Phone contracts for teenage daughters, on understanding they take on contracts themselves at 18.
Turns out that's subject to credit check and neither can take contracts on.
Paid for two years til contract expiry date.
Get dramatically overcharged on 4 months amounting to £500 but can't prove its due to faulty equipment.

Gave notice, paid another month, got Pac codes, paid another month... girls have new phones with new providers....
And T mobile/EE have sent me a bill for £448. To cancel the contract..???

I don't know what to do next. [Waterworks]
 
Posted by no prophet (# 15560) on :
 
I know that contracts in Canada are to be paid fully out by the user if cancelled. They recently capped data overages to $100. I wondering about the faulty equipment angle. Are you sure they weren't using data because they had it turned on all the time, or that the phone set up had synching or auto-turn data on using an app?

That's a lot of money just before Christmas.
 
Posted by balaam (# 4543) on :
 
When a minor abuses a phone it is up to the adult whose name is on the contract to pay. If you finish a contract early you still have to pay. Which is why we only got our kids pay as you go.
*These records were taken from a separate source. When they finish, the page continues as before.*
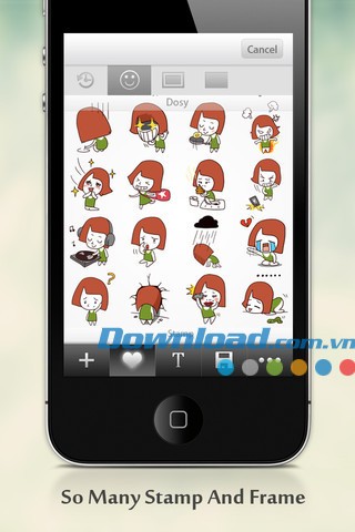 Ứng dụng sở hữu một kho hình dán đa dạng với hơn 5 nhóm chủ đề và 50 hình dán phong phú, được thiết kế rực rỡ và sống động, giúp người dùng cá nhân hóa những bức ảnh của mình.
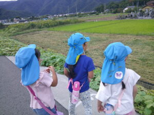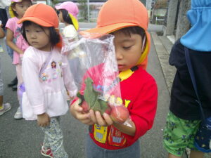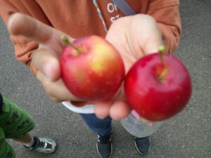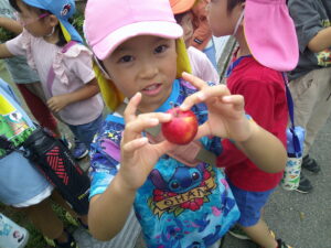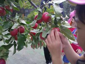 ・出発前に、「ひめりんごはどんな大きさなのかな?」と尋ね、ひめりんごに対する興味を持っていました。実際に見たり触って収穫させていただいて、ひめりんごの大きさを興味津々で確かめていました。匂いを嗅いだり、触ったり見たりする中で、五感を使いながら楽しんでいた姿がありました。
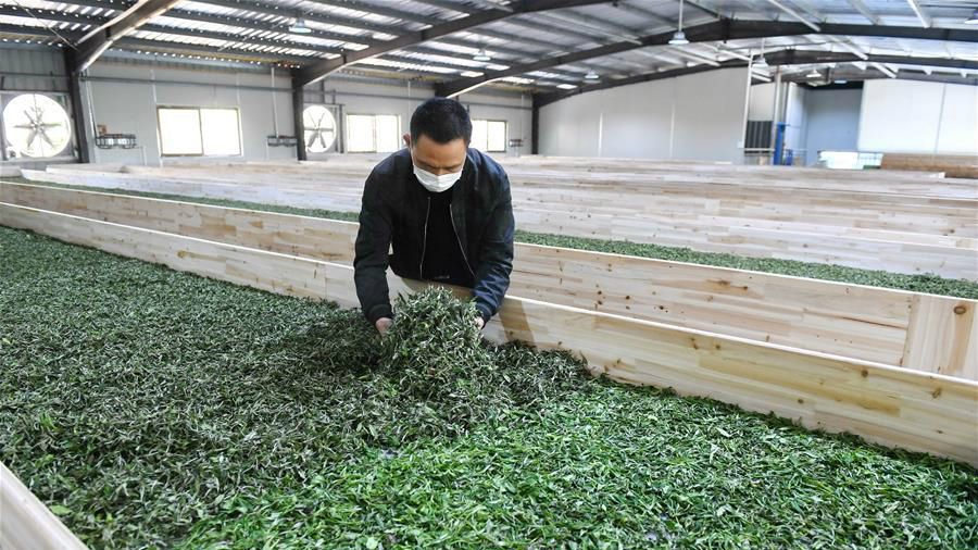 △下黨鄉(xiāng)村民在茶葉生產(chǎn)車間內(nèi)進行壽寧白茶的曬青。

It also teaches them budgeting.
 
Posted by Taliesin (# 14017) on :
 
They aren't minors, they didn't abuse the phone,I did pay, the contract had finished.

Which is why I continued to pay until the 2 year contract was up.

No idea what this new bill is about and no intention of paying it.which is why I'm posting here and not all saints.

They are bastards and need fighting. By coincidence, the phone complaints people CISAS accidentally put 150 dissatisfied customers in touch with each other when they spamed us all recently in some cock up that might,unusually, give us all a break.
 
Posted by Taliesin (# 14017) on :
 
@no prophet,thanks for suggestions. It wasn't data. On 4 occasions, my daughter apparently spent all day and all night phoning people and hanging up immediately, 20, 30 times in a row. One of the nights happened to be her birthday party, and I'm telling you, she wasnt on the phone,she was on the dance floor. In two years, she carefully kept within her limits, except on those four occasions when she apparently lost her mind? Couldn't prove it, and didn't know how biased and useless CISAS is.
 
Posted by Eutychus (# 3081) on :
 
quote:
Originally posted by Taliesin:
On 4 occasions, my daughter apparently spent all day and all night phoning people and hanging up immediately, 20, 30 times in a row. One of the nights happened to be her birthday party, and I'm telling you, she wasnt on the phone,she was on the dance floor.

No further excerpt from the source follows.